ASIDE Peggy was deliberately not participating in psychology because she did not want to admit to the baby. Or the Peter part. Or the promotion. That’s what was holding her back in treatment. I think Don’s advice was spot on, frankly. Not the avoiding treatment part, but the facing up part. Just get it over with. Who cares about all the Catholic stuff. This is probably when she dropped the church, too. Purposefully, I mean, instead of just paying lip service and confessing afterwards. END ASIDE

I know Peggy hated missing work and was probably gossiped about for being absent (and then Don slammed her for it in front of her coworkers), but that day or two away set her so much further ahead than working hard and impressing people (if they noticed) would have. Go, Bobbie! I forgive you for being such an intolerable presence in that canceled show that I liked!

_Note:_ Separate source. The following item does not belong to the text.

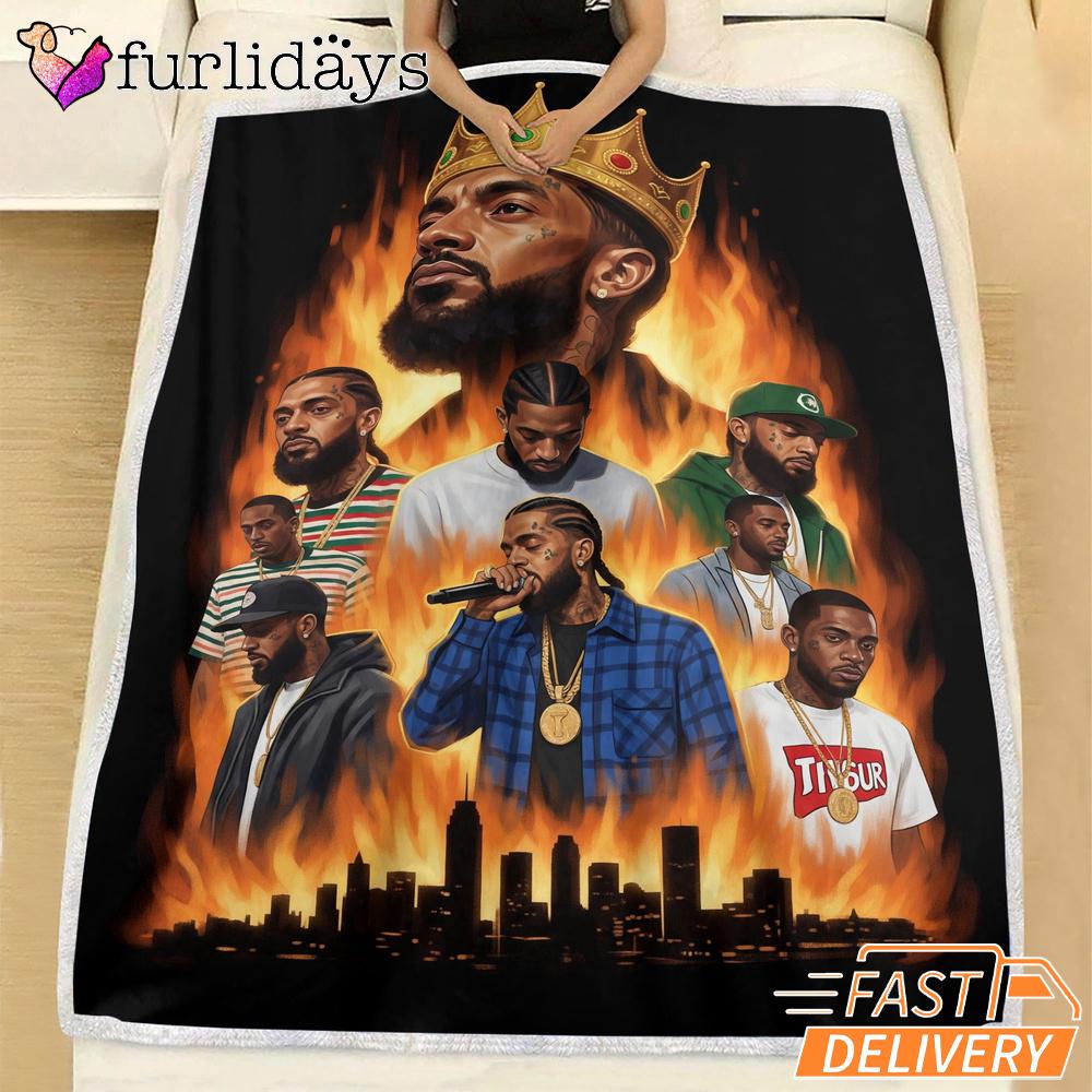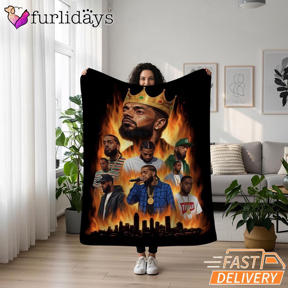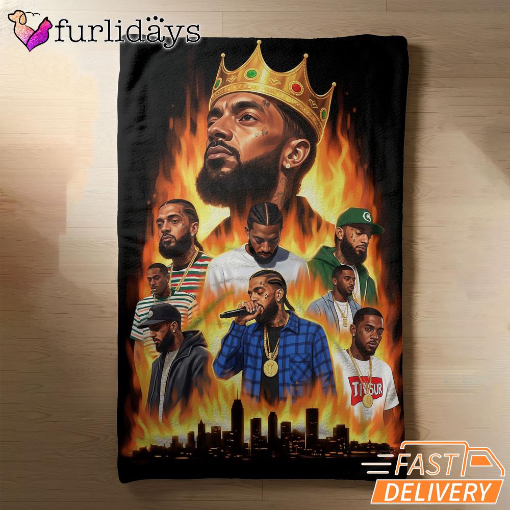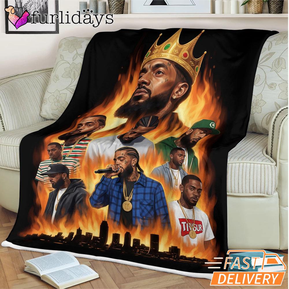 Nipsey Hussle Flames City Blanket Powerful Rap Icon Art Warmth Meets Street Culture.
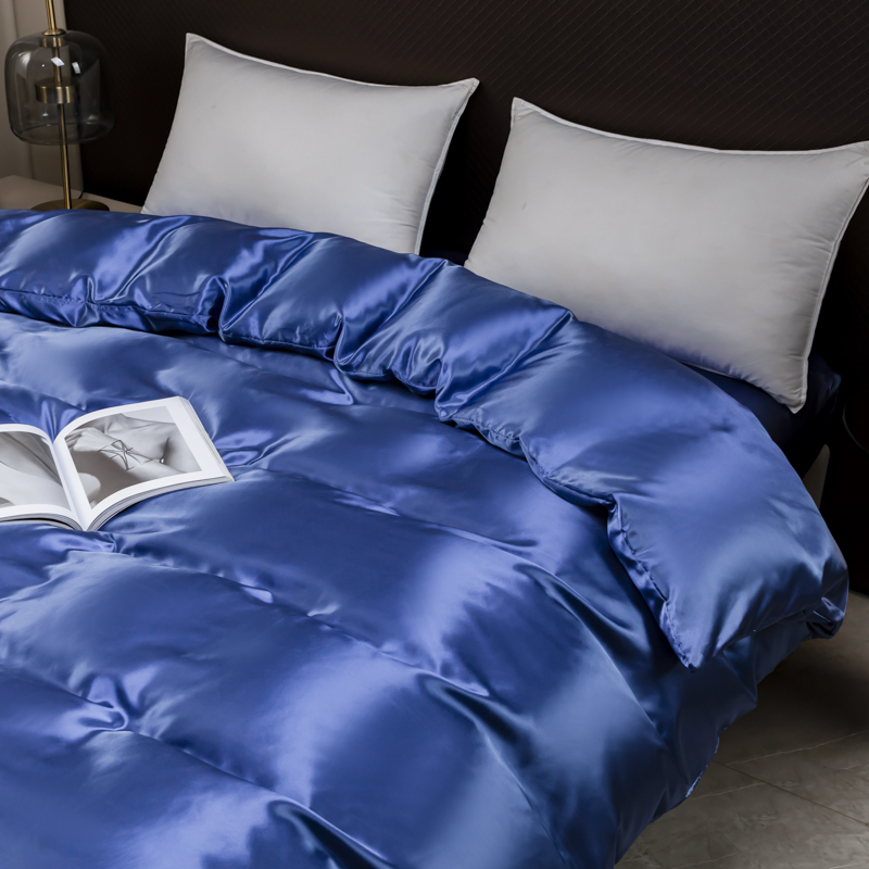 商品名称:2025款仿真丝色丁被套单件跨境外贸纯色单品被套爆款单件床上用品可定制 宝蓝

And did Peggy’s outfit say notice me or what? Before she even called Don by his first name, she dressed herself in a gray skirt evocative of the men’s suits, and a power blouse in vivid jewel tones. Remember those Peter Pan collars? Edged cardigans? Puffy skirts? Gone. Pointy collars and vertical pleats project height and attitude, and the row of buttons between her breasts emphasizes them and screams to be unbuttoned. And that’s about all the clothing analysis I am qualified to do. Mostly I just thought that shiny teal was gorgeous. Maybe Joan will learn something from Peggy about ditching young and beautiful for female and capable. She’s obviously female and capable, and not young has been established as an issue already. Furthermore, she’s expressed a desire to keep working, but Roger predicts that she’s going to “move on.” He means to motherhood, but it could be a promotion. Somewhere else, perhaps. Here’s to Peggy and Joan forming some kind of alliance, even if it’s an unspoken one.

RANDOM THOUGHTS Love that Don fell down the stairs when he’s talking to his subordinates but has an old football injury when he doesn’t know what Jimmy Barrett wants. I like Bobbie Barrett, but this last scene sort of seemed like a send-off in a way… a passing the torch to Peggy and passing with Jimmy to a show of his own. Mongoloid is a terrible term that just sounds so funny. It’s terrible how much delight I took in hearing the word. I had put out of my mind entirely that meatloaf has ketchup baked on it. I hate ketchup. I hated meatloaf because it was served with hot, gooey ketchup. I made it out of desperation one day and put barbecue sauce on it instead. Why was ketchup the default? Was barbecue sauce so exotic, or rare, or expensive? The cop lecturing Don reminded me of the Malibu cop from The Big Lebowski. Stay out of his beach community, Don! And stop treating objects like women.

Sorry this took so long. I kept getting interrupted all frikkin’ day. My thoughts were a lot more coherent and concise at breakfast. And I think I hate the stupid black shoes that Heidi Klum’s legs wear during the promos to Project Runway. They look bad from the side and the front. Says the girl who knows nothing about couture anyway.